Смелые обобщения Ферсмана, справедливые в своей основе, оправдались не во всех деталях. Многие из них потребовали впоследствии значительного изменения и фактических уточнений; но нужно вспомнить, что по этому поводу говорил замечательный петрограф Ф. Ю. Левинсон-Лессинг: «Ни одна рабочая гипотеза, ни одна научная теория не возникает без участия известной доли воображения, не является лишь логическим выводом из фактического материала».

Мы рассказываем о творчестве ученого, по смелости полета сравнимом лишь с фантазией поэта, – так мало еще было у него опорных точек и так смело вздымались на них конструкции мостов, перекидываемых, по вещему слову Менделеева, в область неведомого. Но в то же время эти геохимические картины, эти «теоретические прогнозы» – не произвольные догадки, по наитию возникающие в голове ученого. Мы уже подчеркивали, что это результат обобщения множества непрерывно накапливаемых наукой фактов.

Выступая на одном из международных конгрессов [89]89
  В Льеже (Бельгия).


[Закрыть]
, Ферсман рассказывал о размахе экспедиционной деятельности Академии наук и между прочим упомянул о тысячах отрядов, работающих ежегодно во всех уголках Советской страны в поисках подземных богатств.

В перерыве к нему протиснулся представитель крупного телеграфного агентства и почтительно попросил уточнить одну странную цифру. Академик, вероятно, обмолвился, – нет, представитель агентства просил извинить его за бестактность, это, разумеется, он сам ослышался. Ему показалось, что была названа пятизначная цифра геологических отрядов, работающих в СССР. Нельзя ли уточнить, о каком действительном количестве экспедиций в данном случае идет речь. Ферсман, смеясь, подтвердил, что речь идет именно о двенадцати тысячах отрядов исследователей, изучающих недра великой страны. Пристыженный корреспондент растворился в толпе.

Именно эта рассеянная по лицу советской земли огромная армия разведчиков пятилеток своим упорным, кропотливым трудом подготовила те взлеты теоретической мысли, которая ей же должна была осветить пути дальнейшей работы по закладке основы нового индустриального строительства.

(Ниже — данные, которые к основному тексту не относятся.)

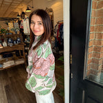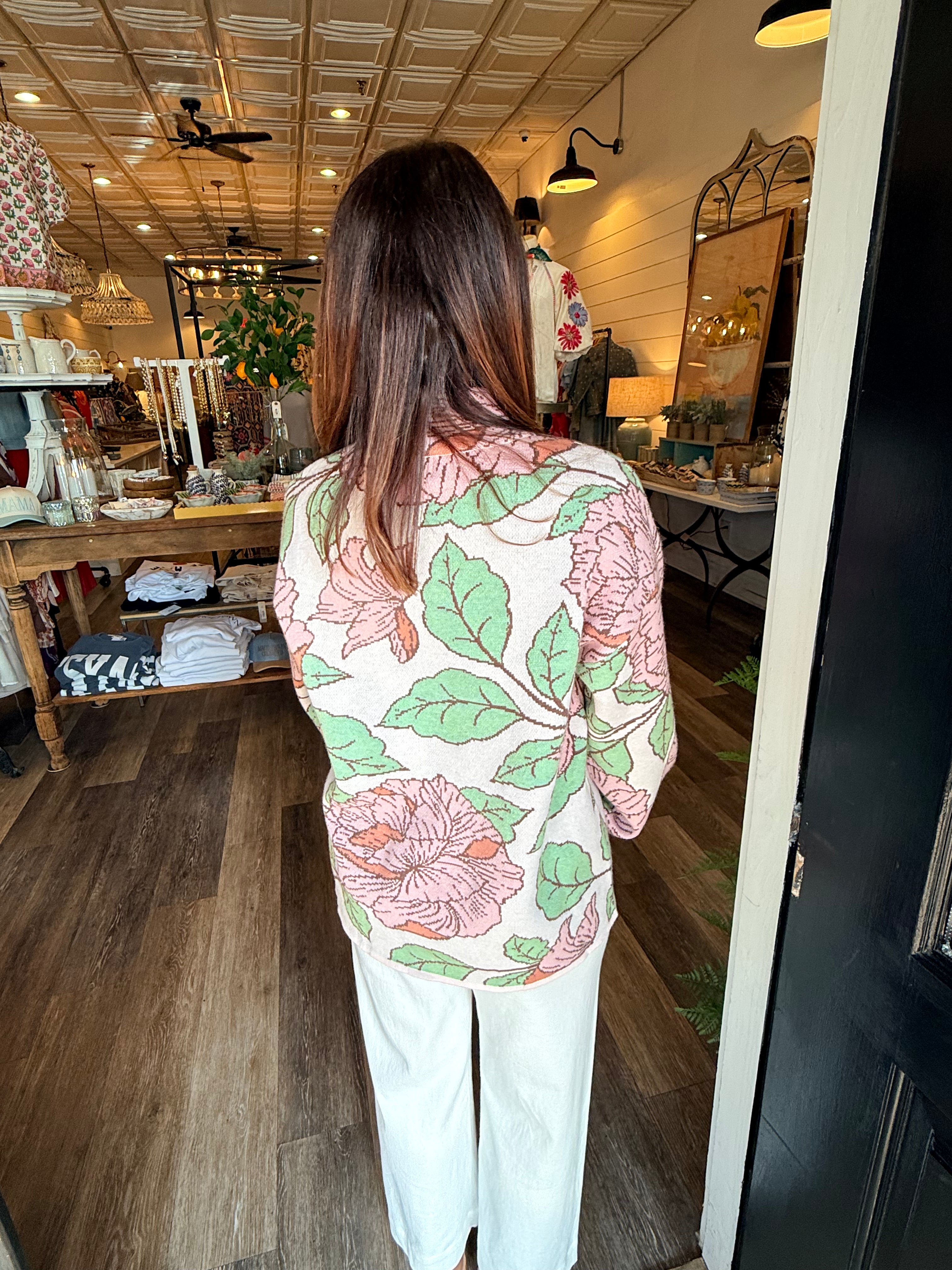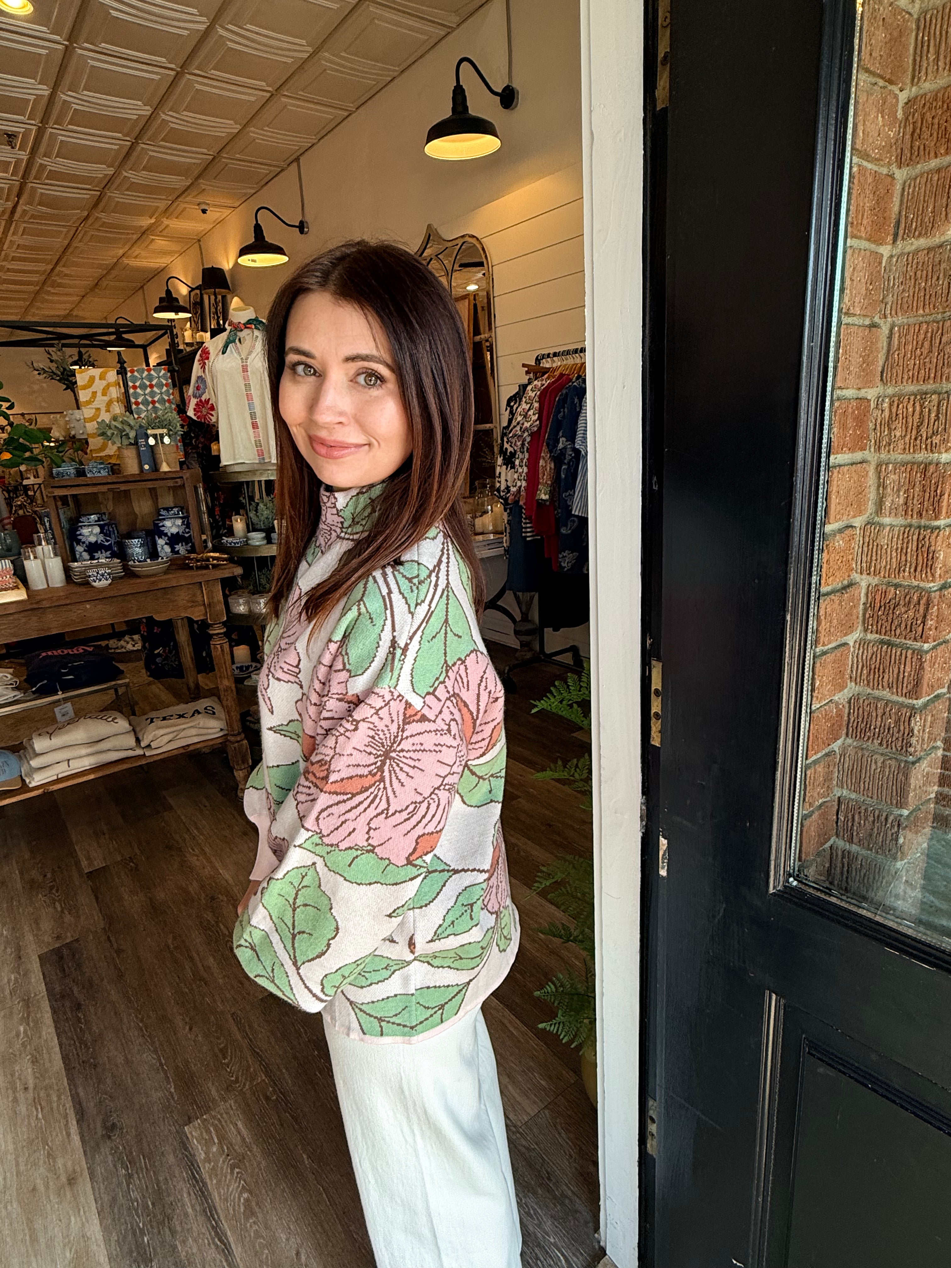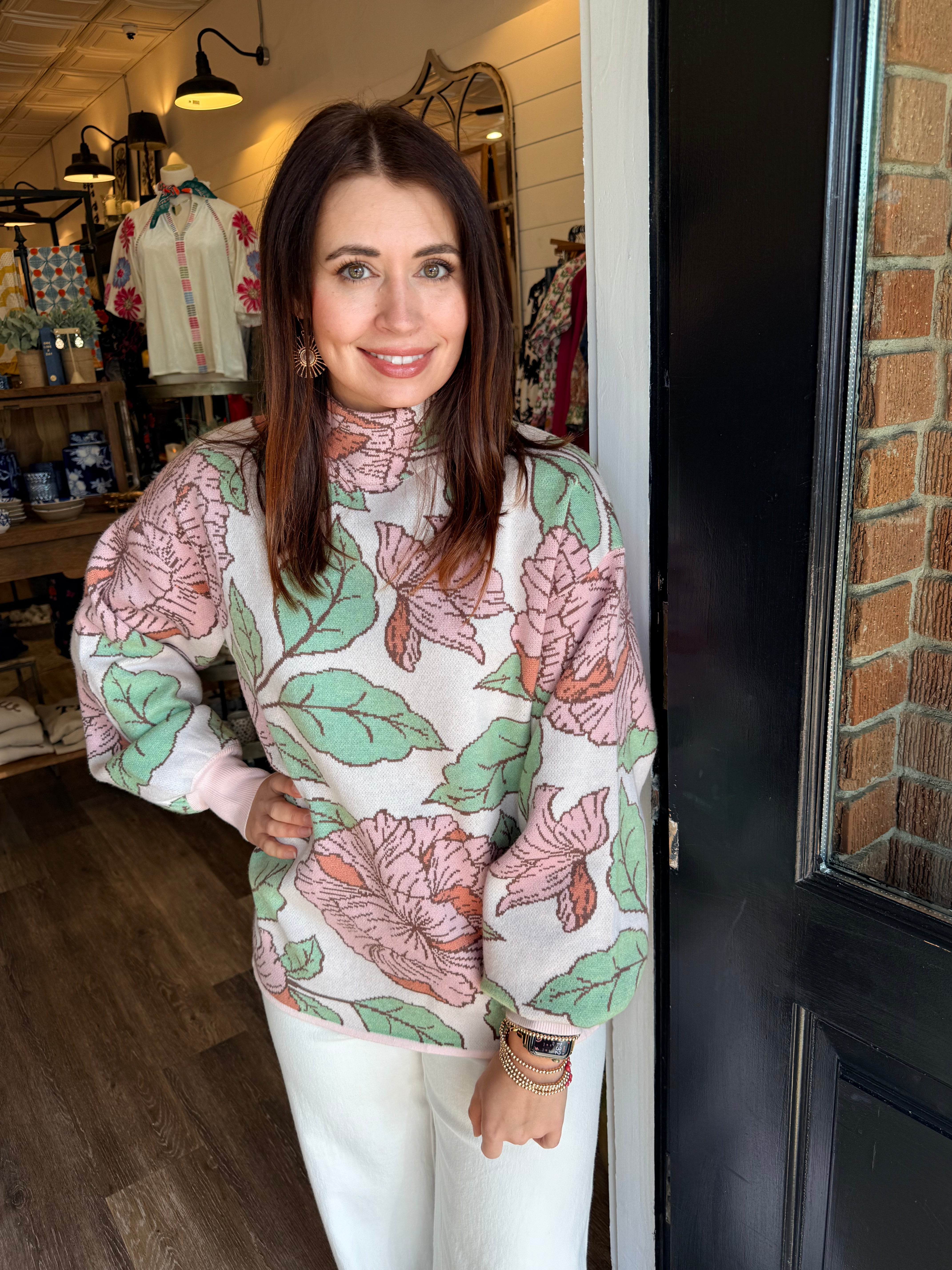 Soft, feminine, and easy to style — the Tatum Mock Neck Sweater is a fresh take on everyday knitwear. Designed with a comfortable mock neckline and an all-over floral pattern, this sweater adds a subtle pop of interest while still feeling polished and wearable. The lightweight knit makes it perfect for layering or wearing on its own through the seasons.

Ферсман очень ясно понимал необходимость гармоничного слияния этих двух сторон научного процесса: широкого обобщения собираемого наукой фактического материала и широчайшей же проверки на опыте рождающейся теории.

В ярком докладе Ферсмана на чрезвычайной сессии Академии наук 1931 года и во многих других его общественных выступлениях можно вычитать прямой вызов геохимика носителям отсталых, чисто описательных, «палеозойских», как их называл Ферсман, методов геологического анализа. Он восставал против лености мысли, против метафизичности мышления отдельных представителей геологической науки, против непонимания или нежелания оценить выгоды и преимущества, заключенные в широком использовании диалектического принципа, который лежит в основе «дружбы наук». Он восставал против искусственного, нарочитого обособления ревнивых знатоков отдельных маленьких проблем в траншейках своей углубленной специализации. Эта специализация – совершенно необходимая крепостная опора широчайшего фронта в современной науке, но она должна сочетаться с широким пониманием природы как единого целого. В этом коренное отличие диалектики от метафизики. Надо всегда стремиться «постижению теснейшей и неразрывной связи между явлениями, предметами, процессами, которые человеческое познание отражает неточно и неполно, лишь постепенно приближаясь к познанию наиболее сложных всеобщих ее форм – к открытию законов природы.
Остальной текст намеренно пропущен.